Tax hikes In South Africa to fund the implementation of a Basic Income Grant, BIG as part of efforts by the South African president Cyril Ramaphosa, and Social Development Minister Lindiwe Zulu to mitigate poverty in the country have received pushback.
This push back is according to a study from Intellidex, executing this plan, especially in a country that has been ranked as the most unequal nation might impact negatively on the economy and likely lead to the emigration of taxpayers.
Business Organizations have also warned against this, stating that the country can’t particularly afford to implement this plan, and borrowing money to finance it would be unreasonable.
It was stated that the execution of this plan would cost anything between R20 billion ($1.2 billion) and R2 trillion a year, and since the country can’t afford it due to the poor state of its finances, the only other option is to hike taxes.
Intellidex cautioned that the government needs to tread carefully to ensure that the entire project doesn’t end up having the opposite effect of its intended goal.

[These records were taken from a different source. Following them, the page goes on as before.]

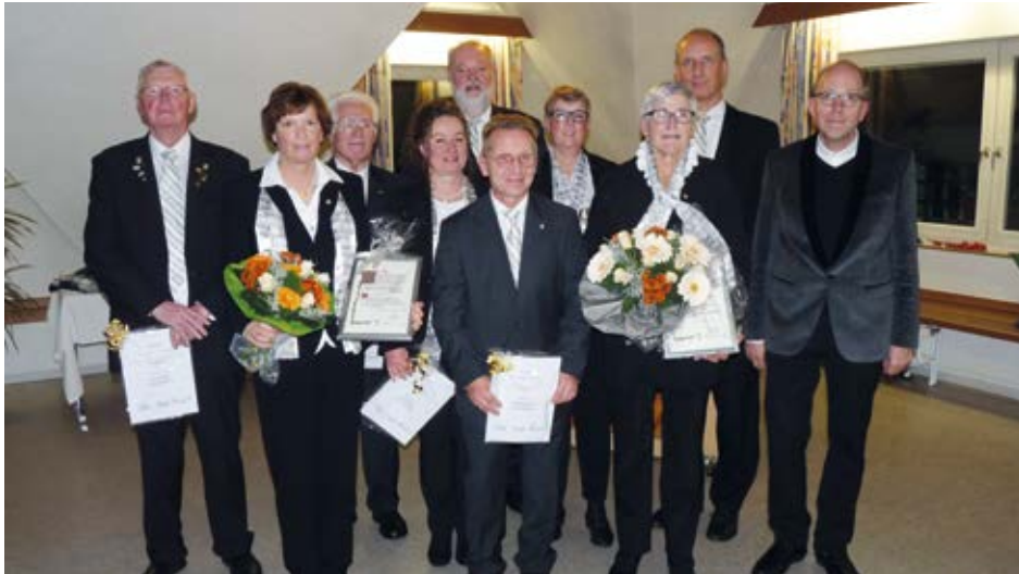
Ehrungen und Neuaufnahmen beim Cäcilienfest 2018

Der Kirchenchor St. Cyriacus ist ein wichtiger Bestandteil im Kirchenleben von St. Cyriacus, insbesondere bei bedeutenden Kirchenfesten. Außerdem gehörten die inzwischen fest eingeplante Mitwirkung beim Benefizkonzert des Landespolizeiorchesters am 19. Mai 2019 sowie der Chorauftritt am Vorabend der Boxmeerse Vaart am 22. Juni 2019 dazu. Auch die gesangliche Mitgestaltung des Eröffnungsgottesdienstes am Kirchmessamstag war in diesem Jahr wieder angesagt. Zu einer lieben Tradition ist auch das Adventssingen im Theresienstift, in diesem Jahr am 08. Dezember , geworden.
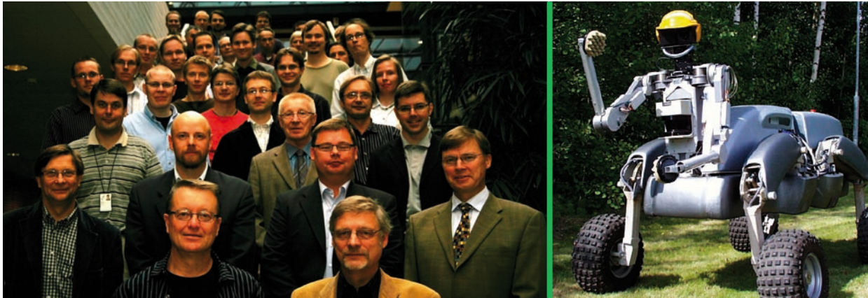
Älykkäiden koneiden huippuyksikkö.
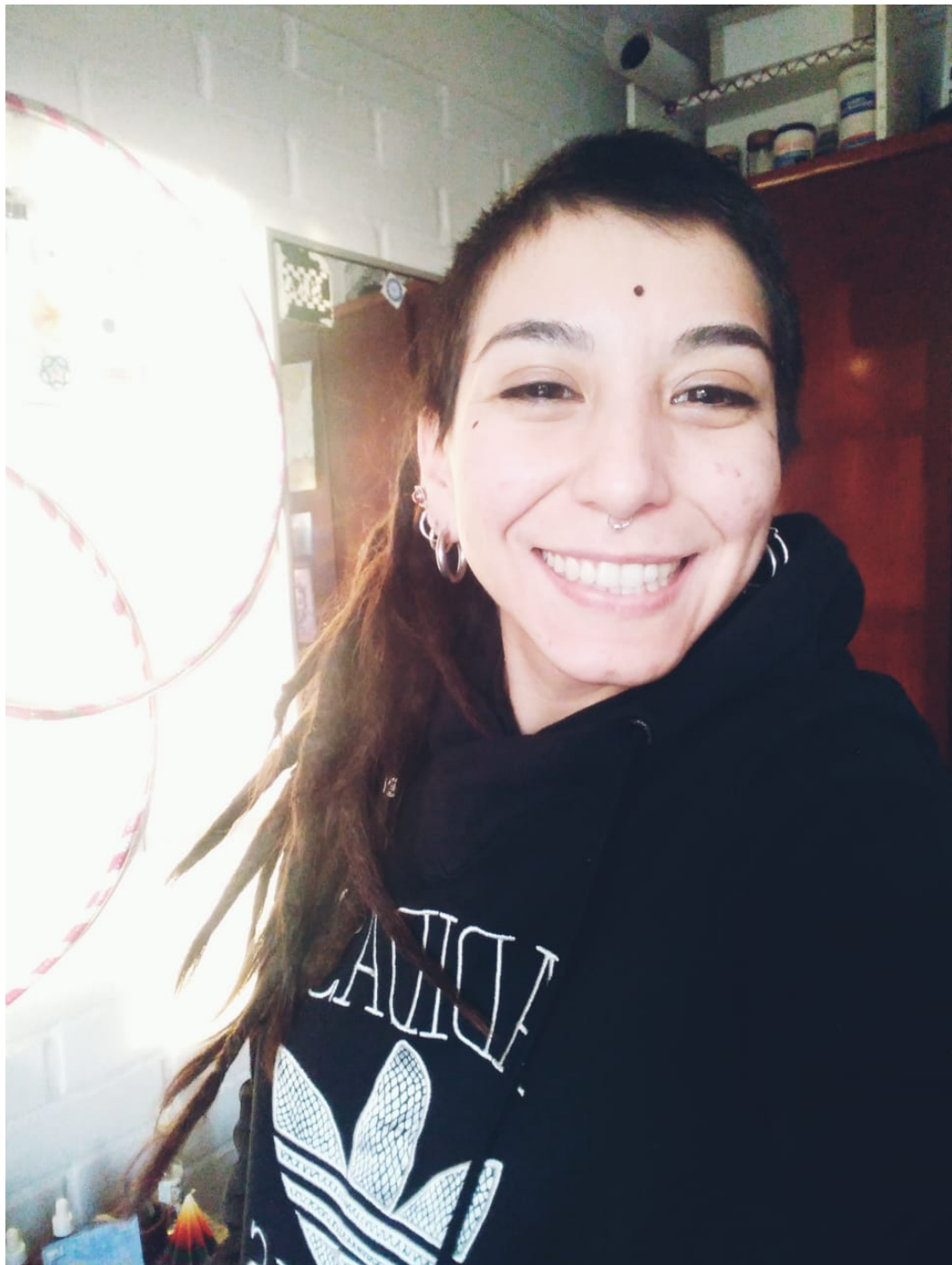
Avanza Progresivamente La Pm (anteriormente En Progreso La Pm)

A partir de ahora el proyecto continuará hacia la construcción del edificio físico donde se ubicará el alojamiento necesario del Muulasterio Tseyor propiamente, para todos aquellos hombres y mujeres que necesiten ese momento de silencio, de retiro en recogimiento interior para el autodescubrimiento y poder así servir mejor a la energía. El lugar ya está energetizado, bendecido y auspiciado por la Confederación de Mundos Habitados de la Galaxia, disponemos del equipo humano y solo queda andar hacia adelante, sin desfallecer, todos a una. Pues el proyecto lo merece.
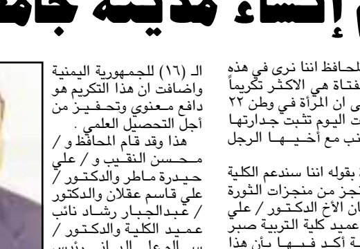
صنعاء / سبأ

وأضاف المحافظ اننا نرى في هذه القاعة بان الفتاة هي الأكثر توكيماً وهذا يدل على أن المرأة في وطن ٢٢ مايو أصبحت اليوم تثبت جدارتها جنباً إلى جنب مع أخينها الرجل والطالب . وأكد الدرقة بقوله اننا سندعم الكلية التكميلية والتعليمية والتمتع في جامعة عن موضحاً بأن الكلية مركز إشعاع علمي للمجتمع وهذا أبناء الطلاب والطالبات على هذا التكرم ، كما تطلخ الحفل قصيدة بعنوان ( بين الحضارة ) للطالبة / نسيم / كما القيت كلمة الطلاب المكرمين هناك في مستهلها فخامة الأخ الرئيس / علي عبدالله صالح بالعيد
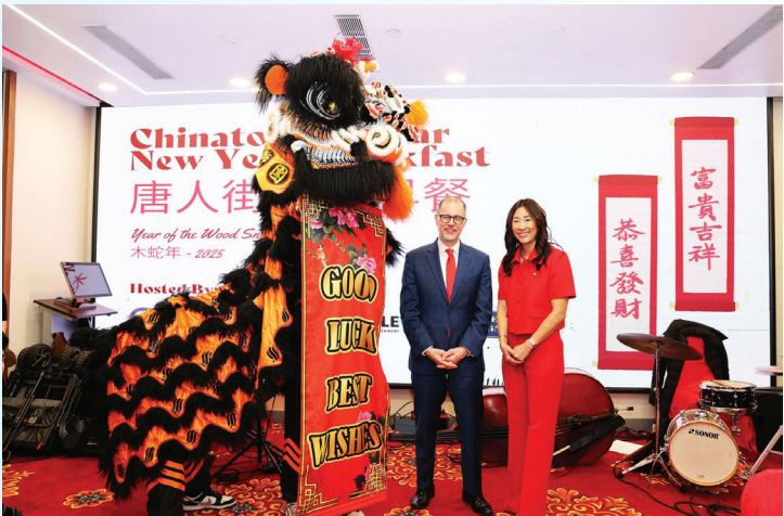
Celebrando el Año de la Serpiente y el primer año de un día festivo estatal en las escuelas públicas por el Año Nuevo Lunar.
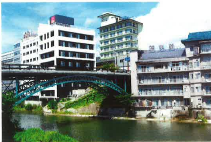
飯坂温泉街より十綱橋を望む

場に沿って建つ5軒の旅館があり、近年は国内外の貴賓を接待出来る宿として、有名な一軒が吉川屋旅館です。 川向い眼前の絶壁（岸壁）の高さは60〜70メートルあるかと思う。その景観に見惚れる。 また、摺上川ダム（茂庭っ湖）は、工事に利用した土地を自然の森に再生する「森づくり大作戦」に基づいて、35年の歳月を費やし、平成18年9月に竣工した。
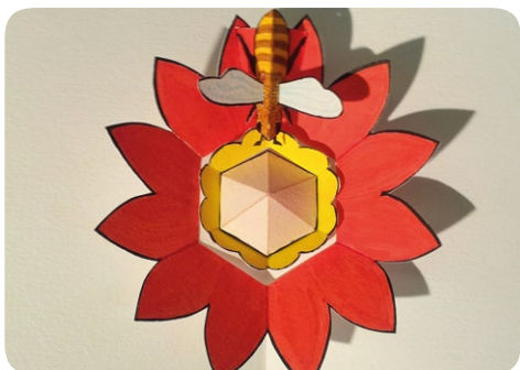
Fleur et abeille pour un livre pop-up d'anniversaire sur le thème de l'apiculture réalisé en 2015.

En 1999, j'effectue mon premier virage à 90° (toujours les angles...) et deviens comédienne. Formée l'école Le Samovar, je travaille pour plusieurs compagnies (Cie AMK, Cie Les Globe Trottoirs) sur des spectacles pour le jeune public. En 2005 je crée ma propre compagnie, Le repos du pied gauche, qui mêle les arts du clown, de la marionnette et de l'objet.

Intellidex further stated that most of the country’s taxes are generated from a small number of people and companies, while its personal and corporate tax rank as the 24th highest out of 118 countries assessed by the OECD.
It mentioned that most of the proposals for a basic income grant would require raising between R50 billion and R100 billion a year.
The group warned that hiking taxes to implement this grant may push some taxpayers to draw back from the tax system by emigrating to jurisdictions where taxes are lower and/or where they feel they may receive a better return on the taxes they pay.
It stated that most proposals ignore the wider consequences of hiking taxes as they assume in most cases that the additional income for poorer households will counter the tighter spending from taxpayers who fund the grants.
They don’t consider the fact that a tax increase would have large secondary effects on the economy with the inclusion of lower savings, higher interest rates, increased borrowings, reduced spending on other initiatives in government, increased avoidance, emigration, and so on.
It stressed that this plan should not be executed at the expense of the country’s financial stability and economic growth.
Intellidex warned that if the plan isn’t properly implemented, it could destabilize the country’s public finances, leading to a default on debt or rising inflation.
It mentioned that if the country aims to use Personal Income Tax (PIT) which is currently 45% as a way to raise the needed funds, it would need to raise it by between 9% and 19%. Value Added Tax (VAT) on the other hand would need to be raised by between 14% and 29% while Corporate tax would need to be raised by between 24% and 47%.
According to Intellidex, the best option would be to raise the Value Added Tax (VAT), seeing that the level is relatively low by international standards.
Tax hikes In South Africa: About Intellidex?
Intellidex is a research and consulting firm that specializes in capital markets and financial services. It offers market research, litigation support, financial wellness, digital product development, and other services.